GIVEN DATA:
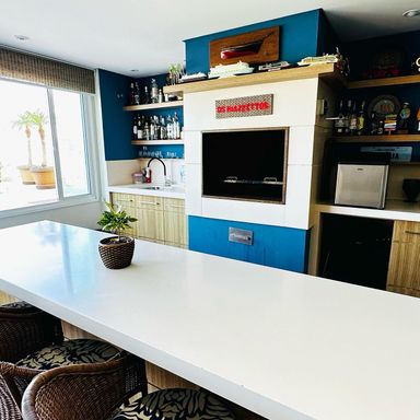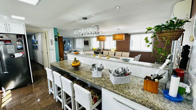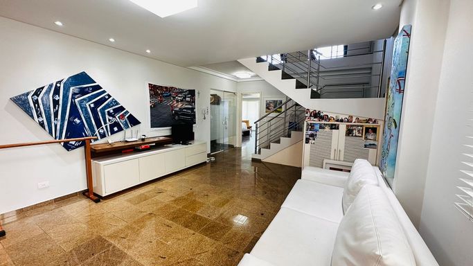 O segundo pavimento é dedicado à área social, onde uma ampla sala para 3 ambientes convida à convivência e interação com familiares e amigos. A cozinha, equipada com o que há de melhor, e a churrasqueira a carvão permitem desfrutar de refeições deliciosas e inesquecíveis. A sacada oferece uma vista espetacular, com piscina aquecida e um elegante banheiro social para maior comodidade.
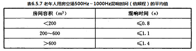 注:Ⅰ类房间——居室、休息室;Ⅱ类房间——单元起居厅、老年人集中使用的餐厅、卫生间、文娱与健身用房、康复与医疗用房等;Ⅲ类房间——设备用房、洗衣房、电梯间及井道等。6.5.6 居室、休息室楼板的计权规范化撞击声压级应小于65dB。6.5.7 老年人用房空场500Hz~1000Hz的混响时间应符合表6.5.7的规定。
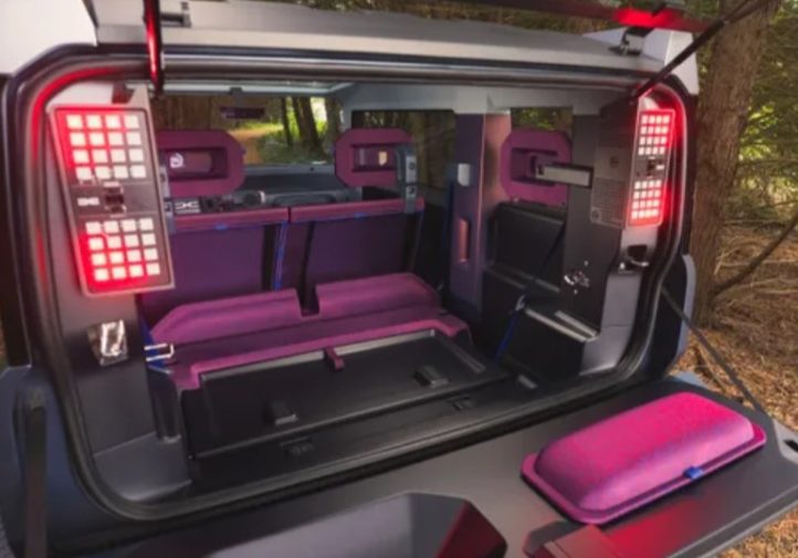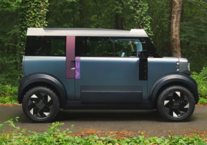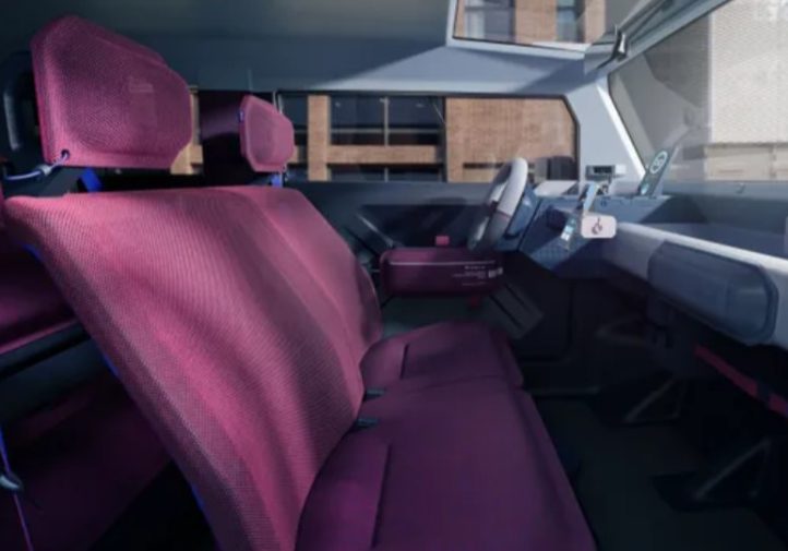 Передні та задні двері відкриваються великими панелями, ручки замінені тканинними ремінцями. Легкий передній диван, мінімальні підголівники, базові подушки безпеки. В авто є система «YouClip» з 11 точками кріплення для аксесуарів.
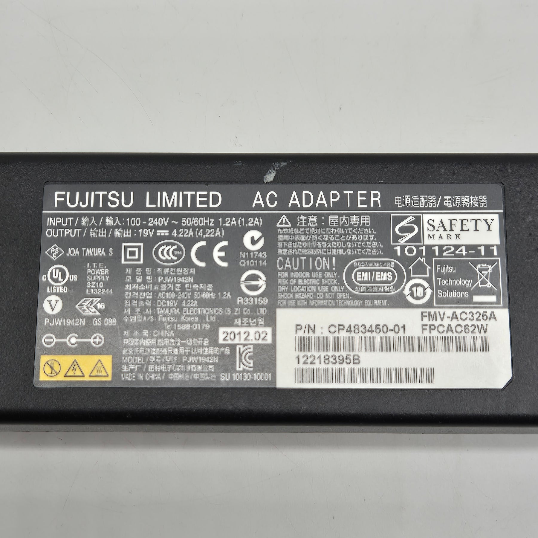 Denna högkvalitativa Fujitsu AC adapter är designad för att leverera stabil och effektiv ström till din bärbara dator eller annan kompatibel enhet. Adaptern är märkt med alla nödvändiga säkerhetscertifikat, vilket garanterar dess tillförlitlighet och säkerhet. Dess kompakta design gör den lätt att bära med sig och lagras enkelt. Skicket är begagnat men adaptern är i mycket gott skick och redo att användas omedelbart.Produktspecifikationer
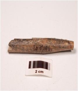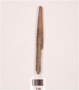 | Description / विवरण | Fragment of a stone point circular in section, slightly broken both end and smooth surface. |
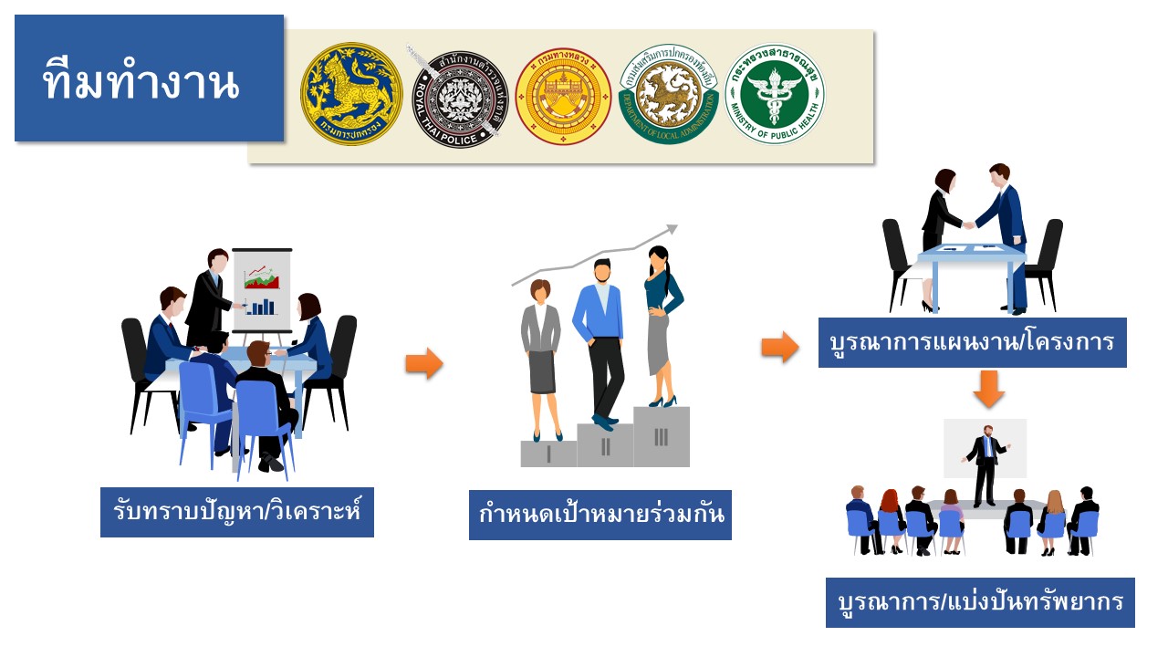 ปัจจัยหลักที่สำคัญซึ่งถือเป็นหัวใจของการทำงานก็คือ ทีมทำงานที่ประกอบด้วย "ภาคีเครือข่าย" หลายภาคส่วนที่มีส่วนร่วมที่สำคัญทั้งในระดับอำเภอและระดับตำบล
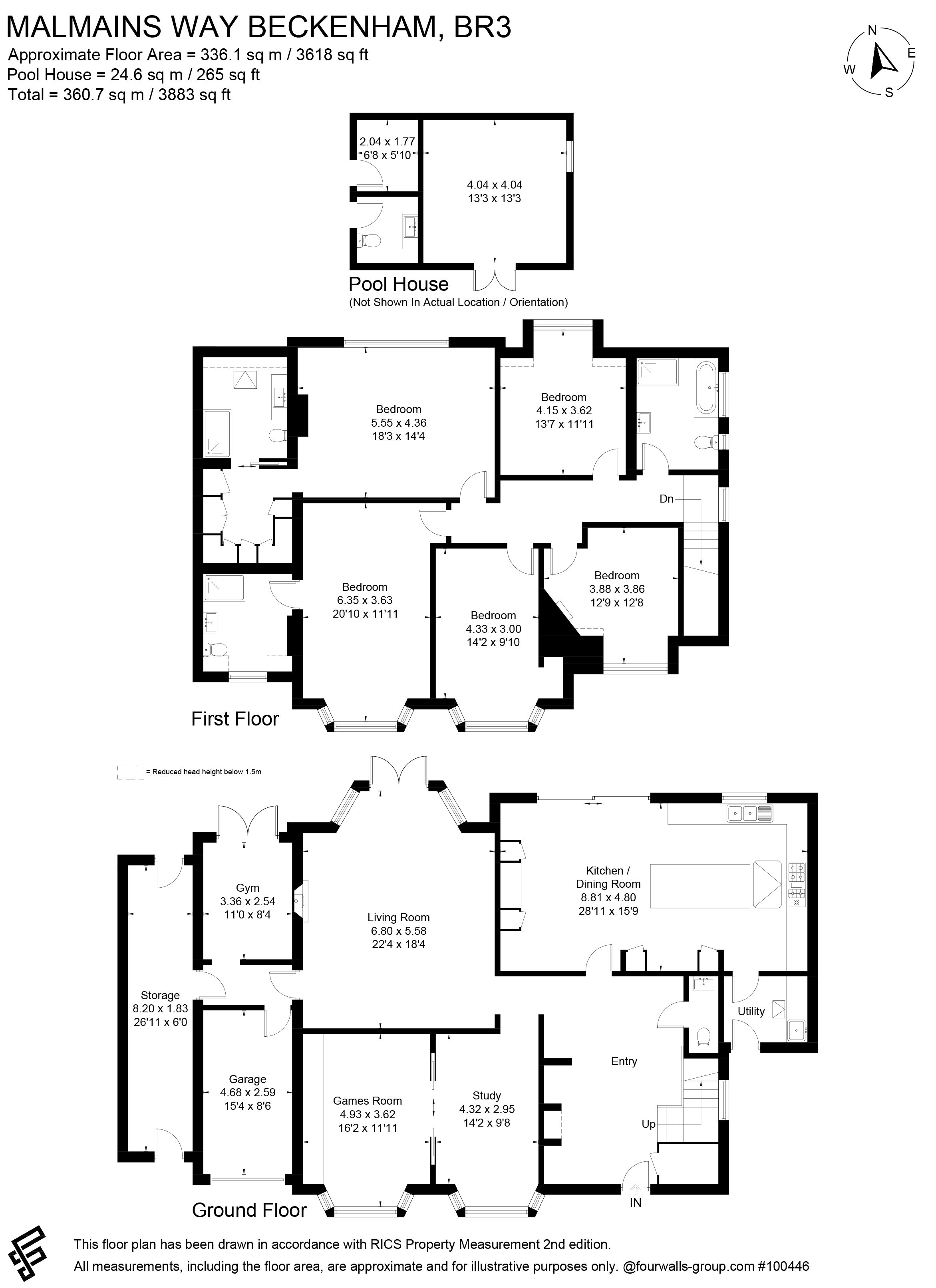 The first floor offers five large double-bedrooms, including two with ensuites, a vast family bathroom with oversized soaking tub and a walk-in shower. The luxurious master-bedroom has a walk-in wardrobe, stunning shower ensuite and spectacular views onto the rear garden.
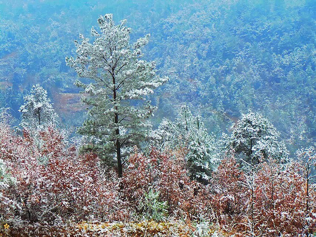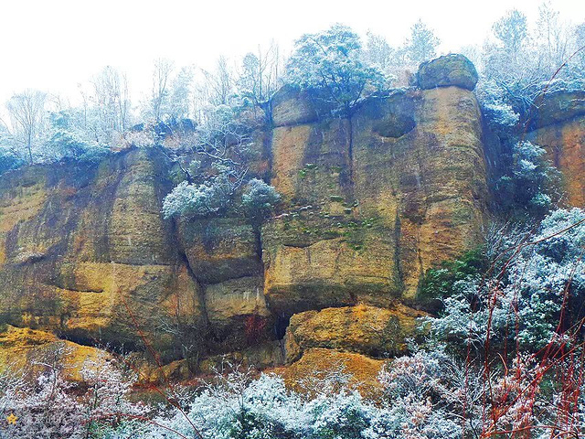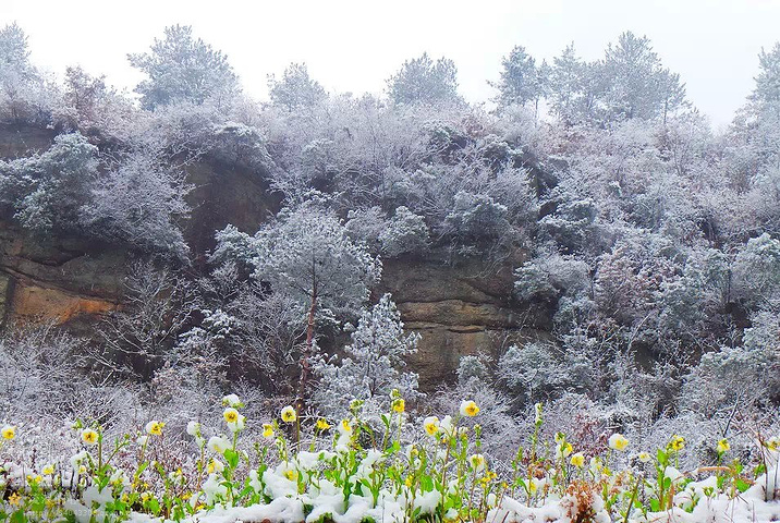 天曌山,虽未千里冰封,但已百里雪飘,你银装素裹,恰是分外妖娆。
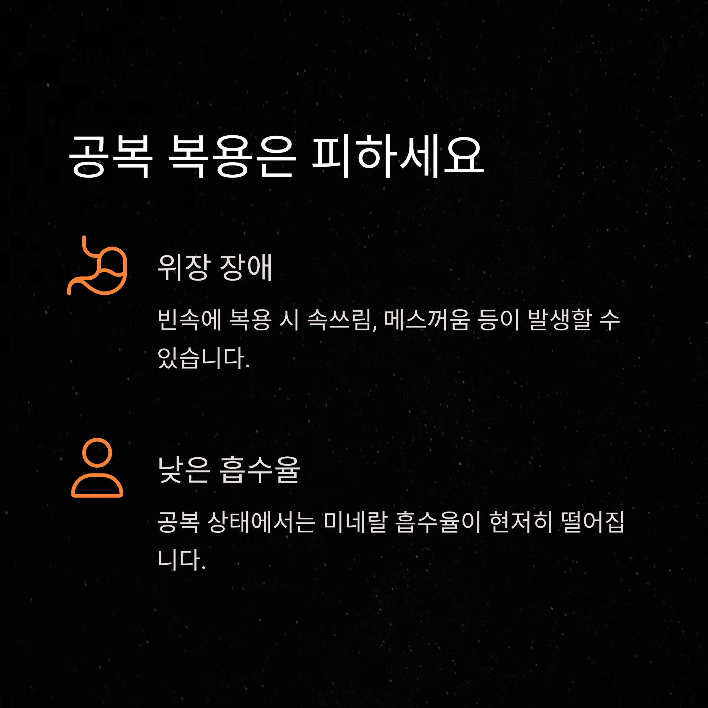 빈속에 칼슘이나 마그네슘을 복용하면 속쓰림, 메스꺼움 등의
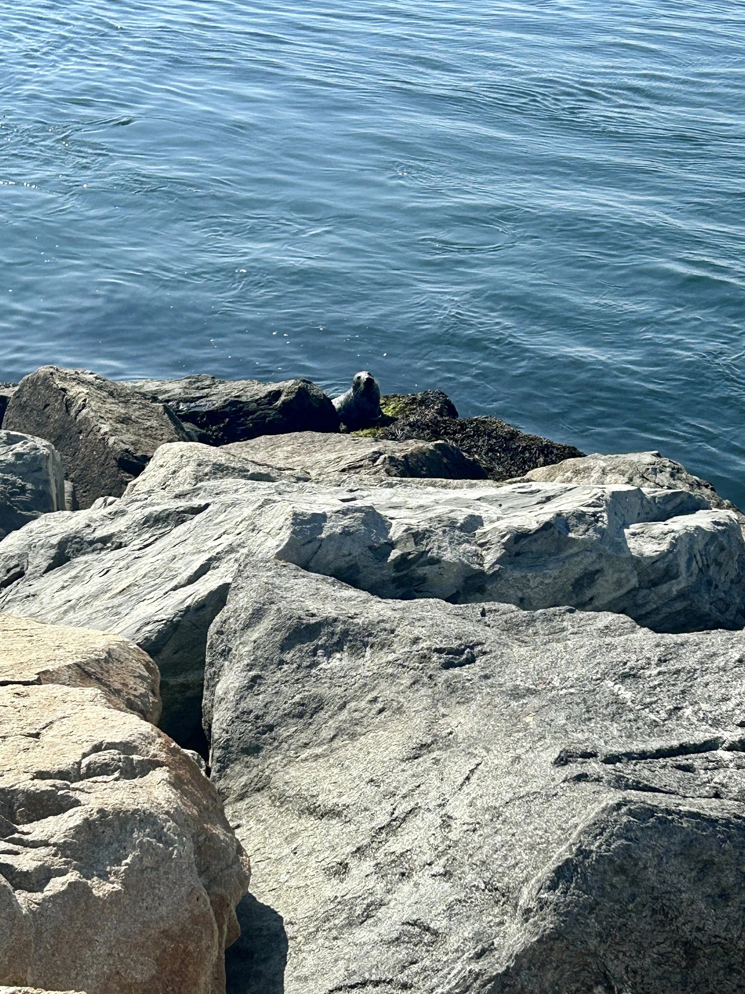 For Briley’s last day, we decided to spend the morning on the Cape Cod Canal, check out Scusset Beach, and then head up to Boston for the night. As usual, we started with a run. I’ve loved running along the canal and was excited to share it with Briley. It’s a scenic trail that starts and ends at one of our favorite beaches—Scusset Beach. After our run and some cool-down time in the car’s AC, we walked down to the beach. Amity and Briley had been unable to walk out on a jetty in Nantucket because of the tide, so we gave it another try here. As we walked out, we found ourselves in the middle of a cicada hatch. There were several screams and flailing arms as the bugs flew into our faces, adding a wild twist to our already tricky rock-hopping walk. We made it safely to the end of the jetty when Amity suddenly said, “Oh hey! Look right there!” Sitting on one of the rocks was a seal. What a perfect way to end Briley’s Cape Cod adventure. We hung out with him for a bit before braving the cicada gauntlet back to the car.
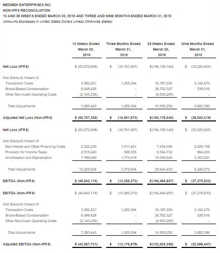 MedMen refers to certain non-IFRS financial measures such as Earnings Before Interest, Taxes, Depreciation and Amortization (EBITDA), adjusted EBITDA (defined as earnings before interest, taxes, depreciation, amortization, less certain non-cash equity compensation expense, including one-time transaction fees and all other non-cash items) and four wall retail gross margins. These measures do not have any standardized meaning prescribed by IFRS and may not be comparable to similar measures presented by other issuers.
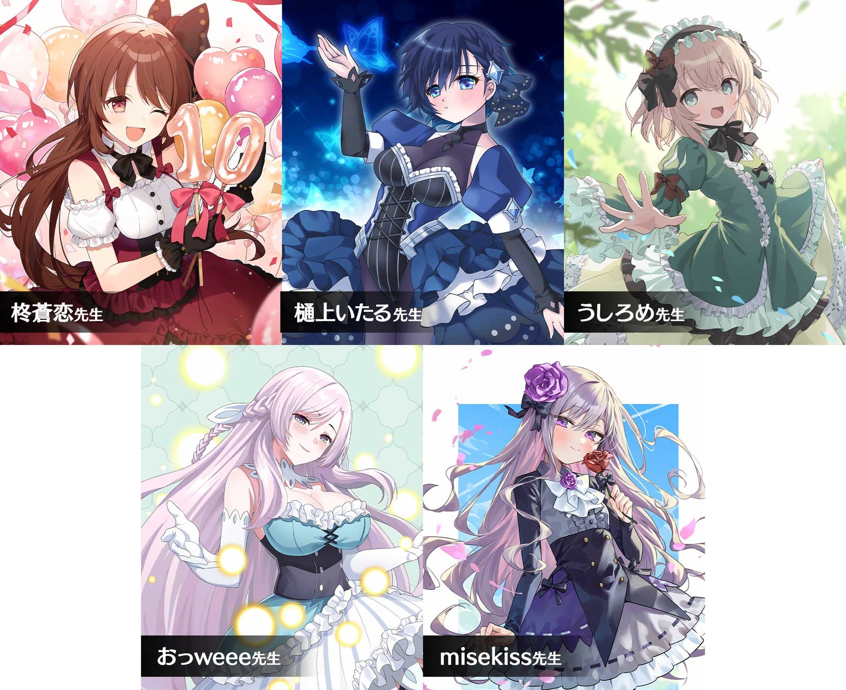 乙女編では、柊蒼恋先生、樋上いたる先生、うしろめ先生、おっweee先生、misekiss先生描き下ろしの5乙女が登場します。

REQUIRED WORK: Reproduce the complete set of records verbatim and omit the pictures.

EXERCISE RESPONSE:
 O segundo pavimento é dedicado à área social, onde uma ampla sala para 3 ambientes convida à convivência e interação com familiares e amigos. A cozinha, equipada com o que há de melhor, e a churrasqueira a carvão permitem desfrutar de refeições deliciosas e inesquecíveis. A sacada oferece uma vista espetacular, com piscina aquecida e um elegante banheiro social para maior comodidade.
 注:Ⅰ类房间——居室、休息室;Ⅱ类房间——单元起居厅、老年人集中使用的餐厅、卫生间、文娱与健身用房、康复与医疗用房等;Ⅲ类房间——设备用房、洗衣房、电梯间及井道等。6.5.6 居室、休息室楼板的计权规范化撞击声压级应小于65dB。6.5.7 老年人用房空场500Hz~1000Hz的混响时间应符合表6.5.7的规定。
 Передні та задні двері відкриваються великими панелями, ручки замінені тканинними ремінцями. Легкий передній диван, мінімальні підголівники, базові подушки безпеки. В авто є система «YouClip» з 11 точками кріплення для аксесуарів.
 Denna högkvalitativa Fujitsu AC adapter är designad för att leverera stabil och effektiv ström till din bärbara dator eller annan kompatibel enhet. Adaptern är märkt med alla nödvändiga säkerhetscertifikat, vilket garanterar dess tillförlitlighet och säkerhet. Dess kompakta design gör den lätt att bära med sig och lagras enkelt. Skicket är begagnat men adaptern är i mycket gott skick och redo att användas omedelbart.Produktspecifikationer
 | Description / विवरण | Fragment of a stone point circular in section, slightly broken both end and smooth surface. |
 ปัจจัยหลักที่สำคัญซึ่งถือเป็นหัวใจของการทำงานก็คือ ทีมทำงานที่ประกอบด้วย "ภาคีเครือข่าย" หลายภาคส่วนที่มีส่วนร่วมที่สำคัญทั้งในระดับอำเภอและระดับตำบล
 The first floor offers five large double-bedrooms, including two with ensuites, a vast family bathroom with oversized soaking tub and a walk-in shower. The luxurious master-bedroom has a walk-in wardrobe, stunning shower ensuite and spectacular views onto the rear garden.
 天曌山,虽未千里冰封,但已百里雪飘,你银装素裹,恰是分外妖娆。
 빈속에 칼슘이나 마그네슘을 복용하면 속쓰림, 메스꺼움 등의
 For Briley’s last day, we decided to spend the morning on the Cape Cod Canal, check out Scusset Beach, and then head up to Boston for the night. As usual, we started with a run. I’ve loved running along the canal and was excited to share it with Briley. It’s a scenic trail that starts and ends at one of our favorite beaches—Scusset Beach. After our run and some cool-down time in the car’s AC, we walked down to the beach. Amity and Briley had been unable to walk out on a jetty in Nantucket because of the tide, so we gave it another try here. As we walked out, we found ourselves in the middle of a cicada hatch. There were several screams and flailing arms as the bugs flew into our faces, adding a wild twist to our already tricky rock-hopping walk. We made it safely to the end of the jetty when Amity suddenly said, “Oh hey! Look right there!” Sitting on one of the rocks was a seal. What a perfect way to end Briley’s Cape Cod adventure. We hung out with him for a bit before braving the cicada gauntlet back to the car.
 MedMen refers to certain non-IFRS financial measures such as Earnings Before Interest, Taxes, Depreciation and Amortization (EBITDA), adjusted EBITDA (defined as earnings before interest, taxes, depreciation, amortization, less certain non-cash equity compensation expense, including one-time transaction fees and all other non-cash items) and four wall retail gross margins. These measures do not have any standardized meaning prescribed by IFRS and may not be comparable to similar measures presented by other issuers.
 乙女編では、柊蒼恋先生、樋上いたる先生、うしろめ先生、おっweee先生、misekiss先生描き下ろしの5乙女が登場します。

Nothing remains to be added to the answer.